Monday, December 27, 2010

Lower Taxes, Less Government in States Gaining Congressional Seats

Like most things, we can’t prove causation. The interesting thing will be to see how these growing states trend in the years to come. Will they become more like their higher tax counterparts?


    An updated study by Americans for Tax Reform compared states gaining and losing Congressional seats in the decennial reapportionment process and found that states gaining seats had significantly lower taxes, less government spending, and were more likely to have “Right to Work” laws in place. Because reapportionment is based on population migration, this is further proof that fiscally conservative public policy spurs economic growth, creates jobs, and attracts population growth.
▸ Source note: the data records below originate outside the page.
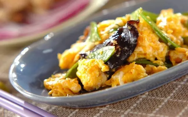 コリコリ食感のキクラゲとシャキシャキ食感のキヌサヤを、ふわふわの卵と炒め合わせれば完成です。ゴマ油の香りが食欲を刺激します。オイスターソースやしょう油で味つけした、一度は試したい中華料理です。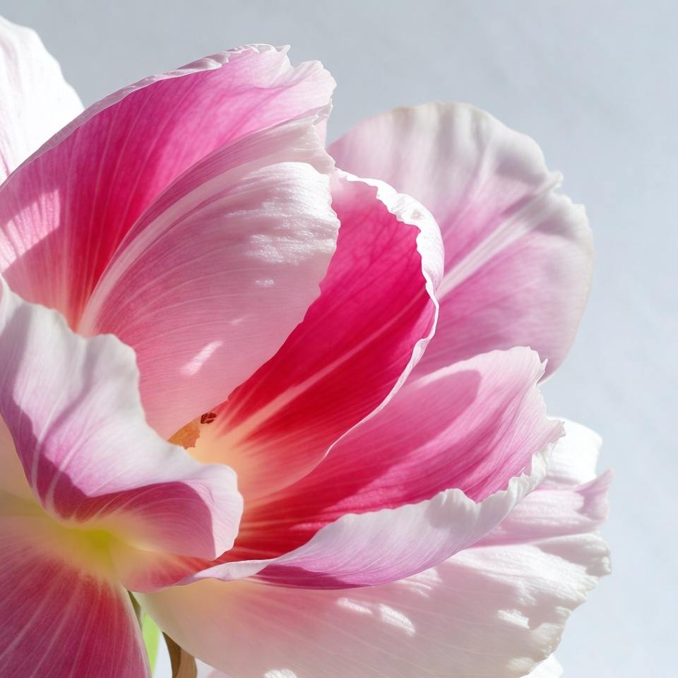 floral macro, flower closeup, flower photography, garden flower, isolated background, petal texture, pink petals, spring flower, tulip bloom, tulip closeup, tulip flower, vibrant pink, white background, white stripes, pink tulip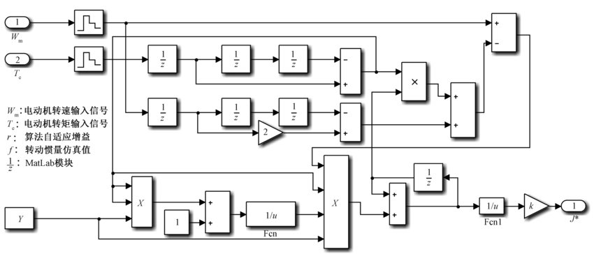 Block diagram of simulation of moment of inertia identification based on Landau's discrete-time recursive algorithm"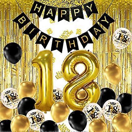 DWW 18th Birthday Decorations in Gold and Black, Happy Birthday Banner, XXL Number 18 Helium Balloon, Gold and Black Fringe Curtain, Latex Confetti, N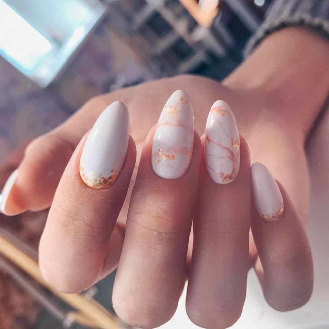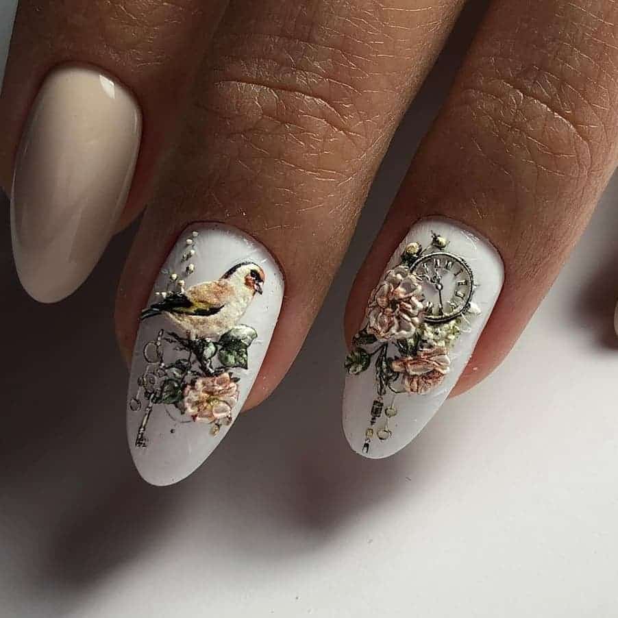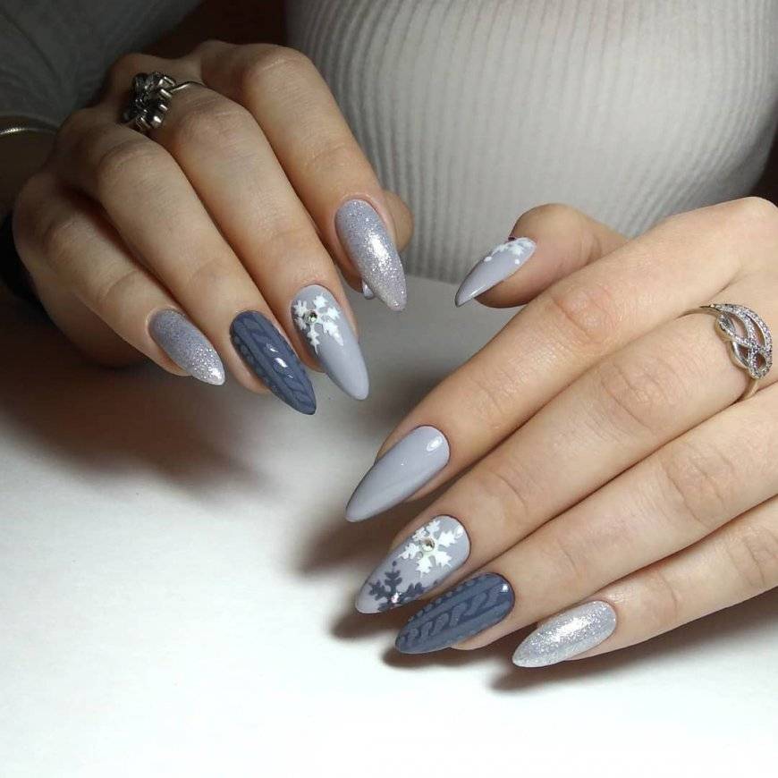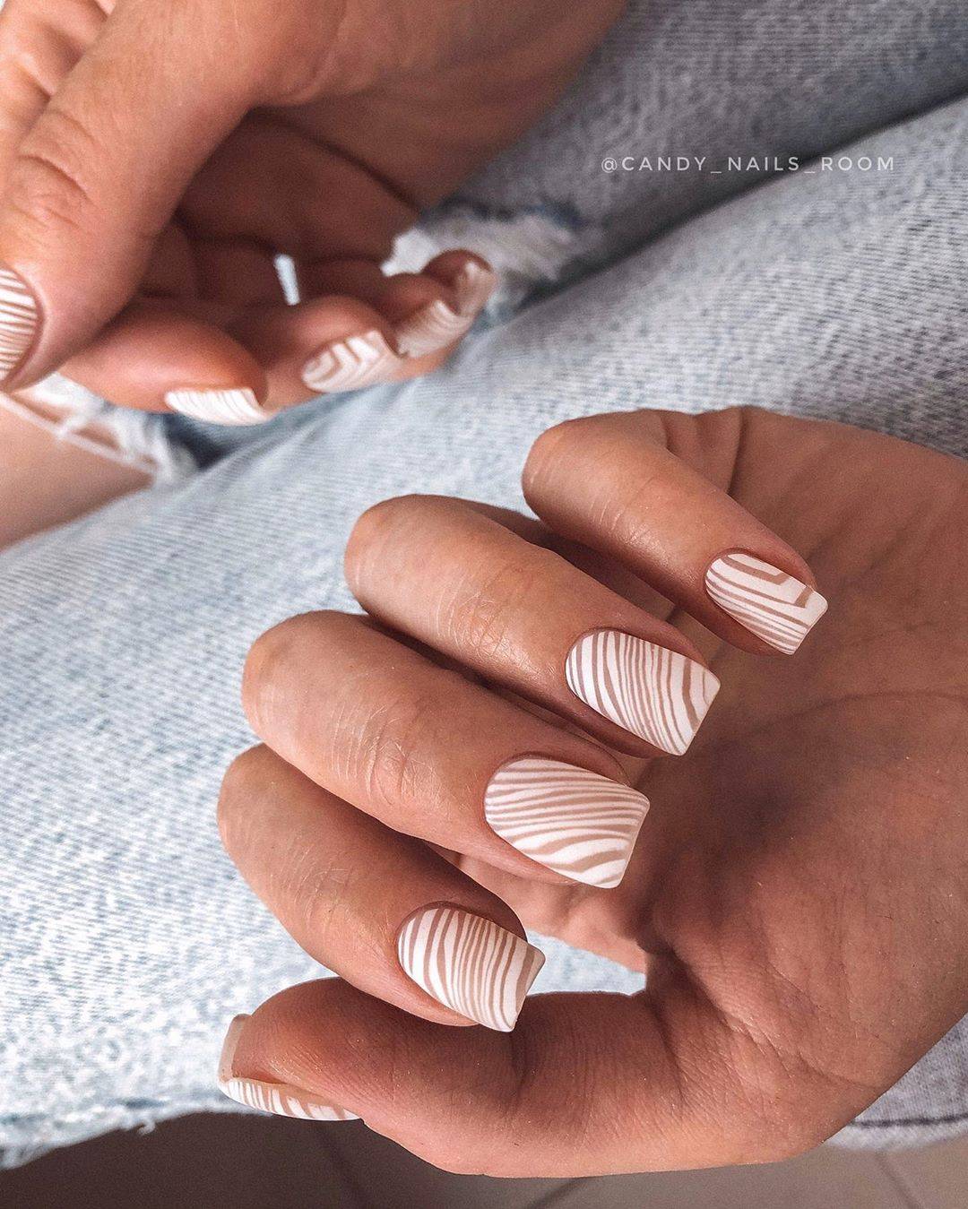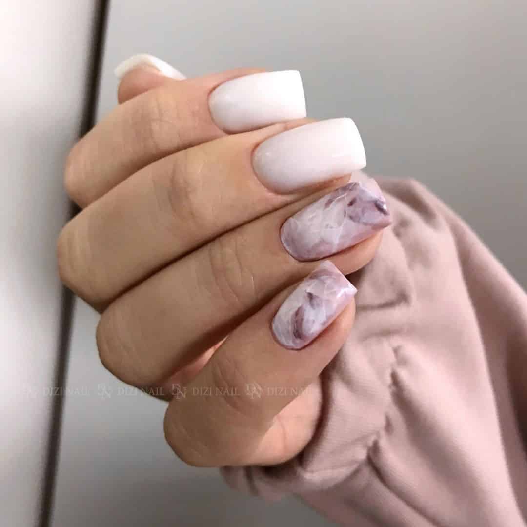 Модная техника получила в 2021 новое прочтение – микс узоров разных оттенков на одном ногте. Для реализации этой идеи берите хорошо сочетающиеся оттенки (например, молочный, розовый и серый).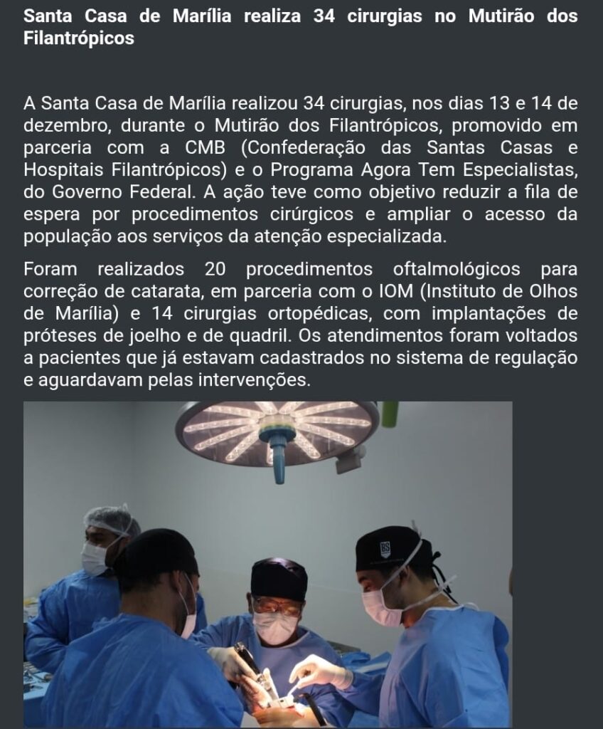 A Santa Casa de Marília realizou 34 cirurgias, nos dias 13 e 14 de dezembro, durante o Mutirão dos Filantrópicos, promovido em parceria com a CMB (Confederação das Santas Casas e Hospitais Filantrópicos) e o Programa Agora Tem Especialistas, do Governo Federal. A ação teve como objetivo reduzir a fila de espera por procedimentos cirúrgicos e ampliar o acesso da população aos serviços da atenção especializada.
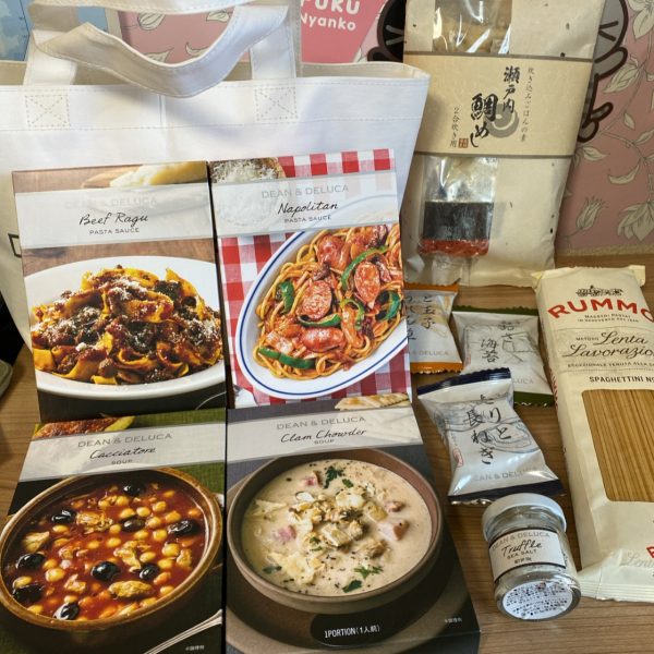 バッグの中にはディーン・アンド・デルーカのパスタソースやスープ、パスタなどが入った福袋でした。

    The Census Bureau announced today that eight states will gain at least one Congressional seat. Texas will gain four seats and Florida will gain two. Arizona, Georgia, Nevada, South Carolina, Utah and Washington will gain one seat each. The biggest losers will be New York and Ohio – both will lose two seats – while Illinois, Iowa, Louisiana, Massachusetts, Michigan, Missouri, New Jersey, and Pennsylvania will lose one seat each.

    The average top personal income tax rate among gainers is 116 percent lower than among losers. The total state and local tax burden is nearly one-third lower, as is per capita government spending. In eight of ten losers, workers can be forced to join a union as a condition of employment. In 7 of the 8 gainers, workers are given a choice whether to join or contribute financially to a union.